6.8. Known incompatibilities between sed versions

6.8.1. Issuing commands from the command line

  Most versions of sed permit multiple commands to issued on the
  command line, separated by a semicolon (;). Thus,

     sed 'G;G' file

  should triple-space a file. However, certain commands REQUIRE
  separate expressions on the command line. These include:

     - all labels (':a', ':more', etc.)
     - all branching instructions ('b', 't')
     - commands to read and write files ('r' and 'w')
     - any closing brace, '}'

  If these commands are used, they must be the LAST commands of an
  expression. Subsequent commands must use another expression
  (another -e switch plus arguments).  E.g.,

     sed  -e :a -e 's/^.\{1,77\}$/ &/;ta' -e 's/\( *\)\1/\1/' files

  GNU sed and HHsed v1.5 allow these commands to be followed by a
  semicolon, and the previous script can be written like this:

     sed  ':a;s/^.\{1,77\}$/ &/;ta;s/\( *\)\1/\1/' files

  Versions differ in implementing the 'a' (append), 'c' (change), and
  'i' (insert) commands:

     sed "/foo/i New text here"              # HHsed/sedmod/gsed-30280
     gsed -e "/foo/i\\" -e "New text here"   # GNU sed
     sed1 -e "/foo/i" -e "New text here"     # one version of sed
     sed2 "/foo/i\ New text here"            # another version

6.8.2. Using comments (prefixed by the '#' sign)

  Most versions of sed permit comments to appear in sed scripts only
  on the first line of the script. Comments on line 2 or thereafter
  are not recognized and will generate an error like "unrecognized
  command" or "command [bad-line-here] has trailing garbage".

  GNU sed, HHsed, sedmod, and HP-UX sed permit comments to appear on
  any line of the script, except after labels and branching commands
  (b,t), provided that a semicolon (;) occurs after the command
  itself.

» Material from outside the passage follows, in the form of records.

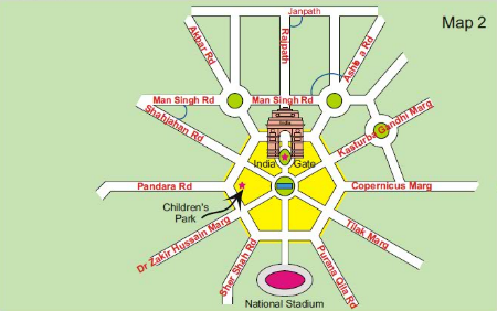 Look at the shape of the yellow area. Have you seen this shape before? How many sides does it have? This place is called the Central Hexagon. Find out from the map (1) If you are walking on Rajpath then after India Gate on which side would Children’s Park be? (2) Which of these roads make the biggest angle between them? (a) Man Singh Road and Shahjahan Road (b) Ashoka Road and Man Singh Road Road (the angle away from India Gate) (c) Janpath and Rajpath (3) Which of the above pairs of roads cut at right angles?
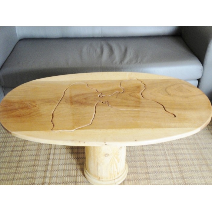 Cette table basse de la Guadeloupe avec un plateau ovale et une carte Guadeloupe découpé dans la masse
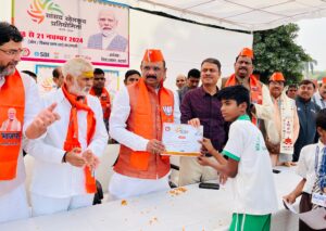 वाराणसी। महापौर अशोक तिवारी और जिलाधिकारी एस. राजलिंगम व मुख्य विकास अधिकारी हिमांशु नागपाल ने 18 से 21 नवंबर तक जिला प्रशासन और नगर निगम के तत्वाधान में आयोजित सांसद खेलकूद प्रतियोगिता-2024 के अन्तर्गत सोमवार यूपी इंटर कॉलेज में चल रहे विभिन्न खेलों में से एथलेटिक्स व कबड्डी खेल के विजेता खिलाड़ियों को प्रमाण पत्र वितरित किया और बच्चों का उत्साहवर्धन भी किया। बता दें कि सांसद खेल प्रतियोगिता जिले के विभिन्न विकाखण्डों/जोनों में आयोजित की जा रही है, जिसमे विभिन्न आयु वर्ग के प्रतिभागी प्रतिभाग कर रहें हैं।

This syntax makes sed similar to awk and perl, which use a
  similar commenting structure in their scripts.  Thus,

     # GNU style sed script
     $!N;                        # except for last line, get next line
     s/^\([0-9]\{5\}\).*\n\1.*//;    # if first 5 digits of each line
                                     # match, delete BOTH lines.
     t skip
     P;                              # print 1st line only if no match
     :skip
     D;                    # delete 1st line of pattern space and loop
     #---end of script---

  is a valid script for GNU sed and Helman's sed, but is unrecognized
  for most other versions of sed.

6.8.3. Special syntax in REs

A. GNU sed v2.05 and higher versions

  BEGIN~STEP selection: GNU sed can select a series of lines in the
  form M~N, where M and N are integers (with gsed v2.05, M must be
  less than N). Beginning at line M (M may equal 0), every Nth line
  is selected. Thus,

     gsed '1~3d' file    # delete every 3d line, starting with line 1
                         # deletes lines 1, 4, 7, 10, 13, 16, ...

     gsed -n '2~5p' file # print every 5th line, starting with line 2
                         # prints lines 2, 7, 12, 17, 22, 27, ...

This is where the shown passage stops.